The concert raised $75,000, which included a $1,000 donation from the singer himself.
But even as Presley sought a global audience, organizers could not air the concert live in the United States, which was primed that day for Super Bowl VII. U.S. fans would not see "Aloha from Hawaii" until April 4 on NBC.
The U.S. broadcast was 30 minutes longer than the one-hour concert.
Thousands of fans got a preview of the show when organizers allowed them to watch the Jan. 12 dress rehearsal as long as they made a donation to the Kui Lee fund. Fans stormed into the arena when the doors opened and waited two hours for the rehearsal to begin.
The real concert drew 6,000 people, which filled the arena because a large "We Love Elvis" sign covered about 3,500 seats.
Ruth Falter, in 1973 "a poor 21-year-old working for GEICO," paid $2 for her ticket — a lot of money for her at the time. She still has her ticket stub.
"I was really an Elvis fan," Falter said. "I was so excited to be part of the historic event, but because it was so late at night, I was afraid I couldn’t stay awake."
Falter and a friend fortified themselves with a pitcher of margaritas before they went to the arena and had no problem staying awake once the show started after midnight. She plans to attend the 40th-anniversary screening of the "Aloha from Hawaii" concert Jan. 14.
Hawaii Gov. Neil Abercrombie, a UH teaching assistant in 1973, doesn’t remember how much he paid for his ticket, but guesses it wasn’t much.
"Obviously, (with) people like me going, I mean it was cheap," he said.
Abercrombie remembers the event as "just amazing."
"(Elvis was wearing) the white uniform and the cape, and he was making his semi-karate moves and all that stuff," he said. "The spotlight would go off and it would be dark. And then the light would go on, and there he’d be in the cape with the big collar. And in my mind’s eye he was wearing Beatle boots. … Maybe he wasn’t, but it seemed that way because the pants had a flare and they were stiff … and he had a big smile on his face. He was obviously enjoying himself."

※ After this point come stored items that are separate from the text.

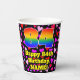 This happy and colourful birthday paper cup design features a large number “84” having a rainbow spectrum gradient inspired pattern. It also features the message “Happy 84th Birthday,”, and a customisable name. The background features a pattern of red, purple, and pink heart shapes. Loving, upbeat paper cups like this might be fun to have at a birthday celebration being held in celebration of somebody’s 84th birthday. [~Z0000548]
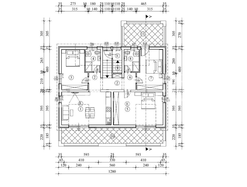 Stan se sastoji od tri spavaće sobe, dnevnog boravka, kuhinje, hodnika, kupaonice, teraseni ostave.
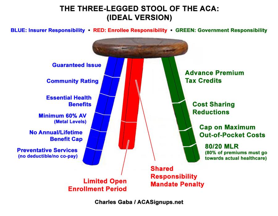 Once again, here's what the "3-Legged Stool" was supposed to look like under the Affordable Care Act:
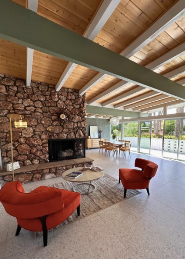 Exquisitely restored by its present owners, this 1958 William Krisel-designed pad looks straight out of a magazine! Tucked away in the historic Tamarisk Ranchos community, an idyllic resort-style enclave of 16 midcentury homes surrounding a pool, pathways, and grassy expanses, the residence is a stunning blend of original and modern, with beamed ceilings, travertine flooring, and rock walls flawlessly complementing such updated creature comforts as frameless glass showers, high-end appliances, and floating cabinetry.
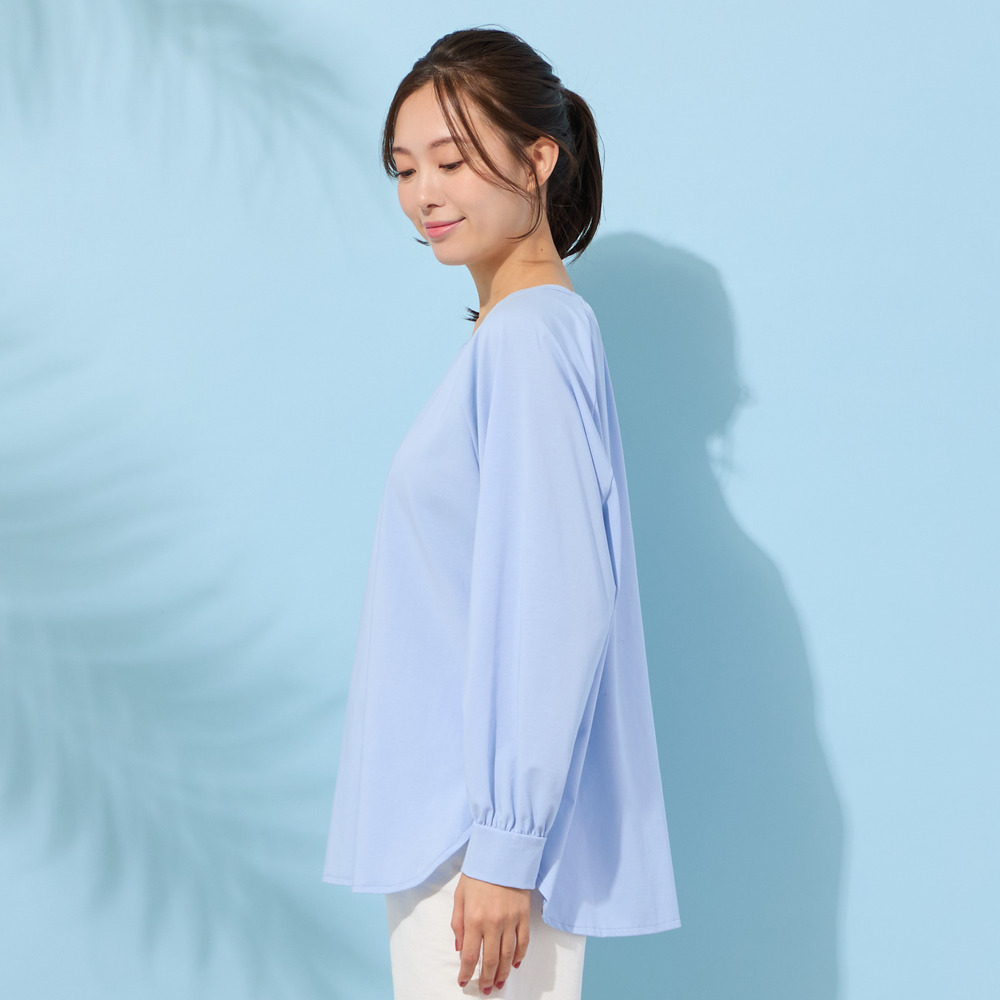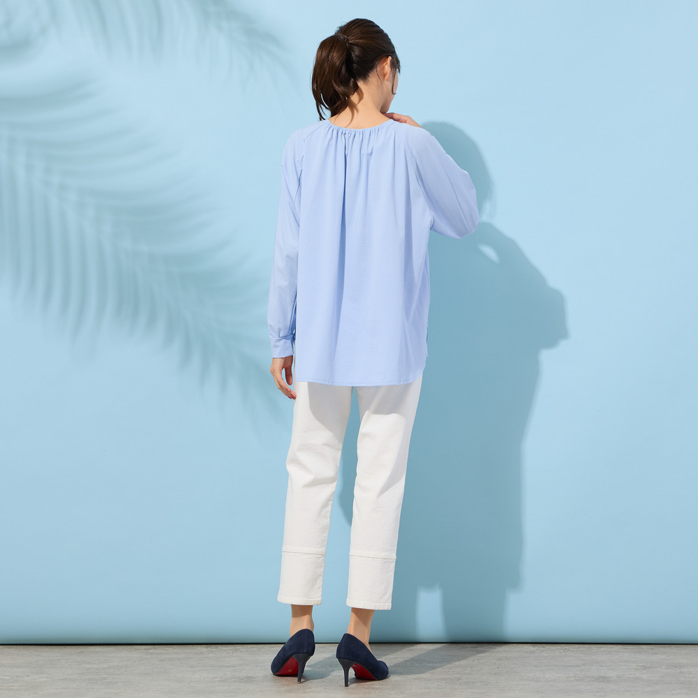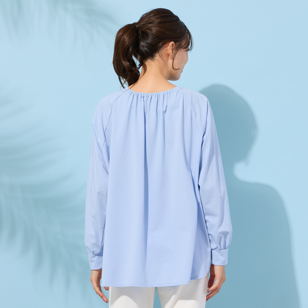 後ろ襟ぐりにゴムでギャザーを寄せてあり、襟ぐりがキュッとコンパクトなのに着脱もスムーズで快適。

Presley, wearing his iconic "American Eagle" jumpsuit, tossed the $10,000 cape into the crowd at the end of his performance and then flashed a shaka to the audience.
Longtime Hawaii entertainer Melveen Leed had seen Presley perform at the MGM Grand in Las Vegas but said the "Aloha from Hawaii" concert was something special.
"I was sitting on the side, but I was so near (to the stage). It was so exciting because I really was such a big fan of his," she said. "I remember him always relating to his band and his singers. He was such a professional … and his voice was just super. It was just beautiful. It was flawless."
Presley performed a cross section of classic hits and contemporary material that included "See See Rider," "Burning Love," "Blue Suede Shoes," "Steamroller Blues," "Early Morning Rain," "Suspicious Minds," "Can’t Help Falling in Love" and — of course — Lee’s "I’ll Remember You."
When the show was over and the audience had left, Presley recorded five additional songs for the U.S. broadcast.
Sherman remembers "Aloha from Hawaii" as the show of a lifetime.
"We knew it was important, but in retrospect, as time went on, we didn’t know how big it was," he said. "(Elvis) was in his prime … (and) at that time they estimated that it was the biggest audience ever. All over the world."
Presley, 38 at the time, also understood the significance of the satellite-live 1973 concert. Moffatt, who interviewed the singer at Honolulu Airport when he arrived for the show, said Presley told him, "Tom, this is the biggest thing I’ve ever done."